Il teatro fisico, quello degli attori vestiti di preziosi costumi, sta dentro una resa che a nostra
percezione rimanda al classicismo della 'Scuola di Atene' di Raffaello Sanzio per le Stanze
Vaticane, in virtù della disposizione dei gruppi concatenati nei gesti ed espressioni, composti e
dissociati in funzione della gerarchia dettata dal racconto, a seconda della bisogna, con continui
attraversamenti della scena da parte degli attori; classicismo che viene riassorbito, per poi
riproiettarsi, nel punto focale del techno-braciere centrale e avanzato che a seconda della luce
emessa detta gli umori dei personaggi.
Ecco, questo teatro fisico, di riferimento classico, ma anche ellenistico dell'Asia minore, o
ancora nell'aura di uno spazio palladiano, stanno al cinema, al CINEKOLOSSAL in particolare,
come un omaggio: per la coloritura, per la restituzione, per le citazioni come la scritta in capitale
romana che sembra titolo di testa o da manifesto, e ancora la musica incessante che diventa colonna
sonora.
Certo la resa cinematografica è spuria perché intrisa di lessico e di segno teatrale. E sempre con
riferimento a pellicole storiche, quello di Pascoe è l'Antonio e Cleopatra epico, e 'biblico', su cui
incombe il Mosè della spartizione delle acque d'Egitto ne I dieci comandanti, film di Cecil B. De
Mille (1956). I protagonisti principali, di stampo teatrale, nelle intenzioni della regia introspettivi,
tendono così a stemperarsi e svanire, assorbiti dalla potenza della scena.
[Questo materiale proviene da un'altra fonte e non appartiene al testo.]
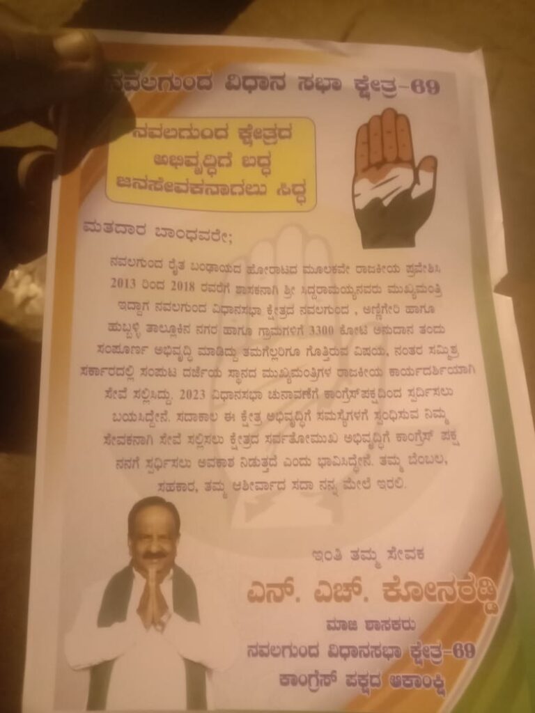 ನವಲಗುಂದ: ಕಳೆದ ವರ್ಷ ಕಾಂಗ್ರೆಸ್ ಪಕ್ಷಕ್ಕೆ ಎಂಟ್ರಿ ಕೊಟ್ಟಿರುವ ಜೆಡುಎಸ್ನ ಮಾಜಿ ಶಾಸಕ ಎನ್.ಎಚ್.ಕೋನರೆಡ್ಡಿಯವರು ಕೂಸು ಹುಟ್ಟುವ ಮುನ್ನವೇ ಕುಲಾವಿ ಹೊಲೆಸಿಕೊಳ್ಳುತ್ತಿದ್ದಾರಾ ಎಂಬ ಪ್ರಶ್ನೆಯನ್ನ ಸ್ವತಃ ಕಾರ್ಯಕರ್ತರು...
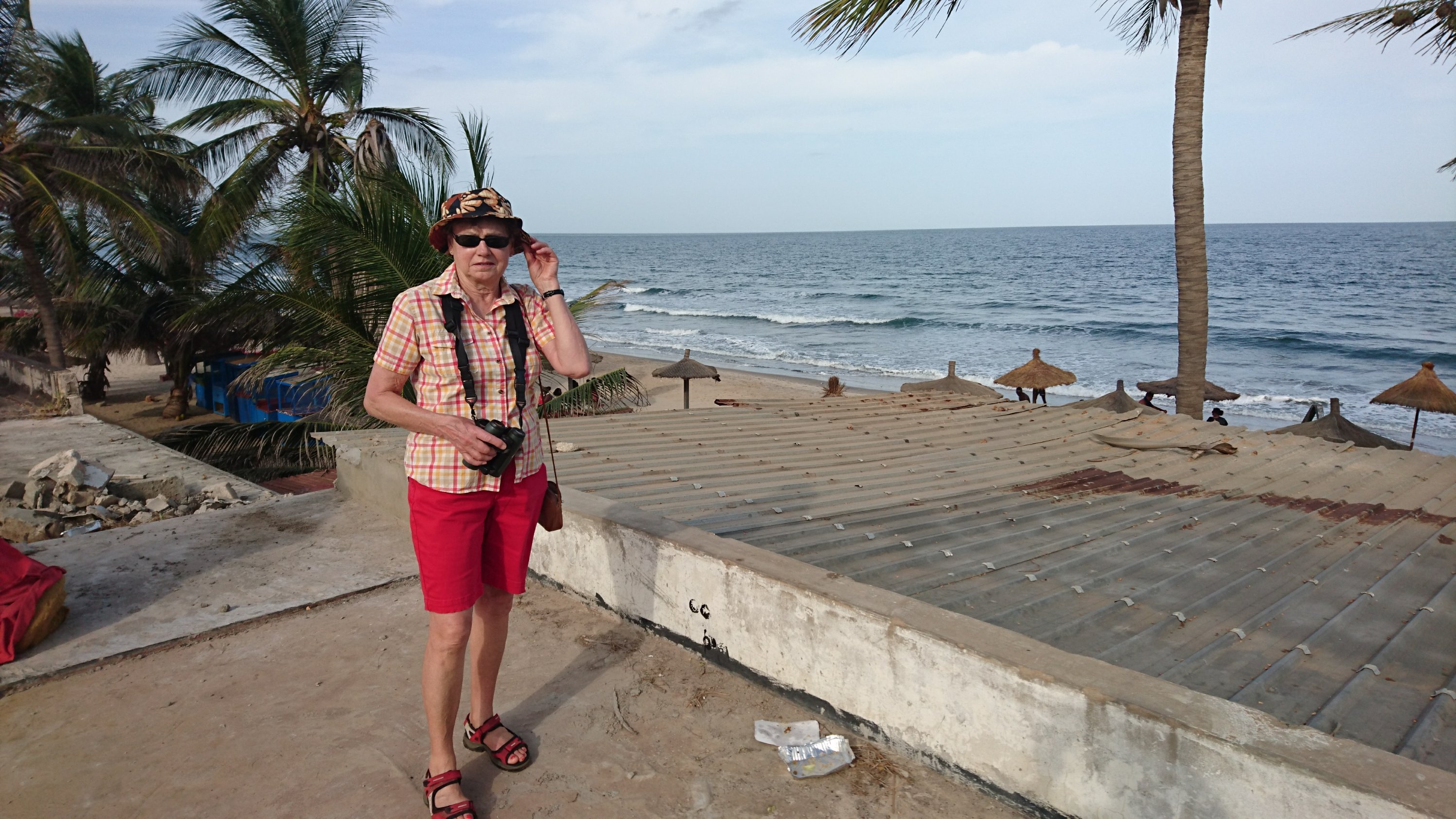 I dag går vi en promenad före frukost. Klockan 07:15 går vi vänster ut från hotellet och följer vägen och gångbanan ut till Atlantic Road förbi infarten till golfbanan och en bit norrut innan vi går ner mot stranden och tar den tillbaka. 3,5 kilometer på 62 minuter blev det. Efter frukosten går vi och köper frukt. Vid 13-tiden blev det solstolarna som vanlig och 16:00 promenerar vi ner till bron över Kotu floden igen. Ganska lugnt men plötsligt hörs en gyllingsångare och den visar snabbt upp sig. Lite senare då vi skall återvända kom en nordlig krombek och satt fint på en gren några sekunder. Liten fågel med extremt kort stjärt. Vi tänker åka till Senegambia och äta middag så vi tar en taxi som vi kom överens om i går. C-boy kör oss och vill ha 500 dalasi för tur o retur och han väntar i två timmar. Han släpper av oss vid en hygglig restaurang, Restaurang African Queen, och vi äter en bra middag. Går sedan till det hotellet som vi hade information på dagen efter vi kom hit och hämtade ut lite dalasi. Jag ringer taxichauffören på det nummer som står på kortet vi fick av honom. Men inget svar, bara en telefonsvarare. Vi väntar en dryg halvtimma utanför restaurangen men ingen bil kom så vi tar en annan taxi tillbaka. 300 dalsari kostade turen.

C'è dunque uno scarto: il nucleo che è tragedia d’amore e dramma politico, intenzione alla
riflessione sul dubbio tra passione e ragione, sullo sfondo del grande tema del potere, ne esce a
nostro avviso sovrastato da un'altra potenza, quella della scena in proiezione, grandiosa, altisonante,
e della pregevole e bella fattura del costume, che insieme tendono ad estinguere la complessità,
l'ambiguità del personaggio shakespeariano, forse in ragione della resa di un cast che deve ancora
essere messa a punto.
Non c'è dubbio che questa soverchia capacità, il metaforico potere del 'mondo' sul personaggio,
potrebbe diventare davvero una chiave di lettura dell'opera, purchè si recuperi anche il valore del
dettato shakespeariano - specie nell'interpretazione attorale, con ritmo, alternanza e modulazione - e
dunque l'ascendente sul pubblico.
All'esordio è ancora evidente la giustapposizione dei registri intertretativi, che slega e dissolve a
tratti il coinvolgimento emozionale disperdendolo all'inseguimento delle parti. Insomma una
commistione di tante idee, anche molto interessanti, da sviluppare e mettere a fuoco, e se
sperimentazione dev'essere che sia, il Licinium potrebbe essere luogo deputato a questo perchè
'l'opera contemporanea' di Shakesperare diventi un corpo solo, la sintesi di linguaggi e forme
ambigue che trovano nuova risoluzione.